* WORK ORDER
A precise copy of the data is required, with every picture left out.

* TASK MATERIAL
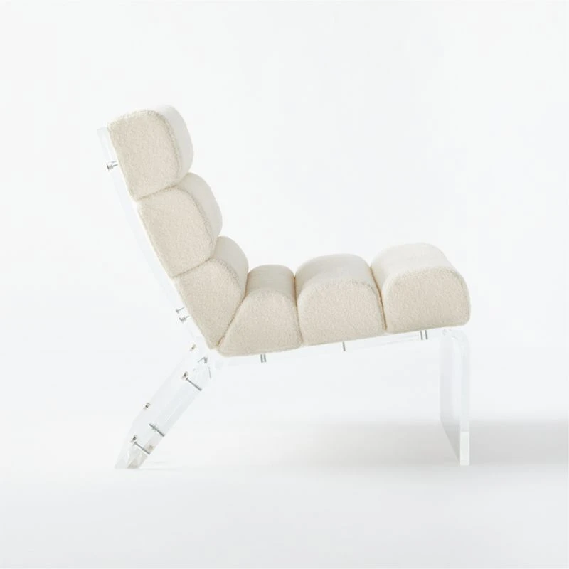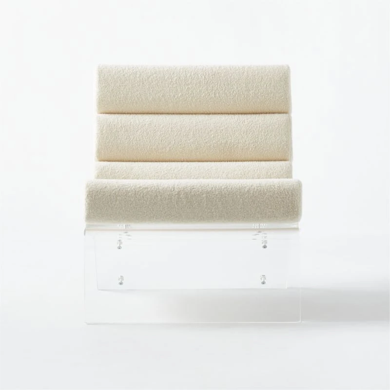 Sculptural and plush statement chair by Mermelada Estudio mixes all the right materials. Inspired by a vintage ’70s chair, horizontal channels of ultra soft white boucle fabric line a sculpted acrylic base. Polished nickel hardware adds finishing details to the back. Learn more about Mermelada Estudio on our blog. CB2 exclusive.
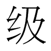 又《玉篇》階級也。《廣韻》等級。俗作?。《禮·曲禮》拾級聚足。《註》級,等也。
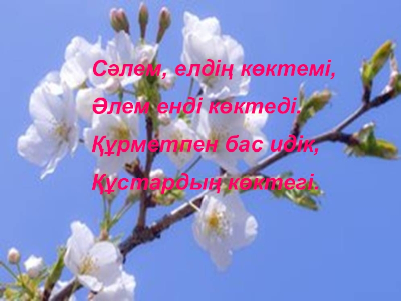 Сәлем, елдің көктемі,Әлем енді көктеді.Құрметпен бас идік,Құстардың көктегі.
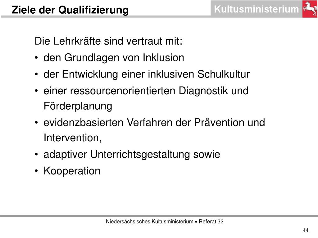 Ziele der Qualifizierung • Die Lehrkräfte sind vertraut mit: • den Grundlagen von Inklusion • der Entwicklung einer inklusiven Schulkultur • einer ressourcenorientierten Diagnostik und Förderplanung • evidenzbasierten Verfahren der Prävention und Intervention, • adaptiver Unterrichtsgestaltung sowie • Kooperation 44
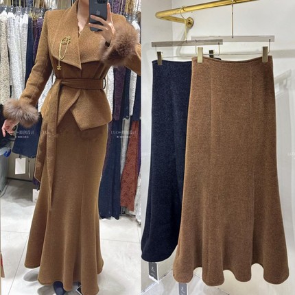 LUO法式欧货高腰雪尼尔绒鱼尾长裙女2025新冬季时尚翻领上衣套装
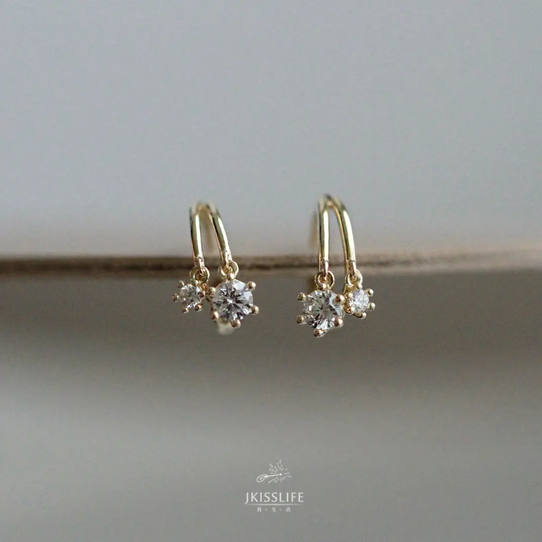 Серьги из 14-каратного золота, инкрустированные цирконием и бриллиантами, простые и универсальные, милые женские мини-серьги

* OUTPUT BELOW
 Sculptural and plush statement chair by Mermelada Estudio mixes all the right materials. Inspired by a vintage ’70s chair, horizontal channels of ultra soft white boucle fabric line a sculpted acrylic base. Polished nickel hardware adds finishing details to the back. Learn more about Mermelada Estudio on our blog. CB2 exclusive.
 又《玉篇》階級也。《廣韻》等級。俗作?。《禮·曲禮》拾級聚足。《註》級,等也。
 Сәлем, елдің көктемі,Әлем енді көктеді.Құрметпен бас идік,Құстардың көктегі.
 Ziele der Qualifizierung • Die Lehrkräfte sind vertraut mit: • den Grundlagen von Inklusion • der Entwicklung einer inklusiven Schulkultur • einer ressourcenorientierten Diagnostik und Förderplanung • evidenzbasierten Verfahren der Prävention und Intervention, • adaptiver Unterrichtsgestaltung sowie • Kooperation 44
 LUO法式欧货高腰雪尼尔绒鱼尾长裙女2025新冬季时尚翻领上衣套装
 Серьги из 14-каратного золота, инкрустированные цирконием и бриллиантами, простые и универсальные, милые женские мини-серьги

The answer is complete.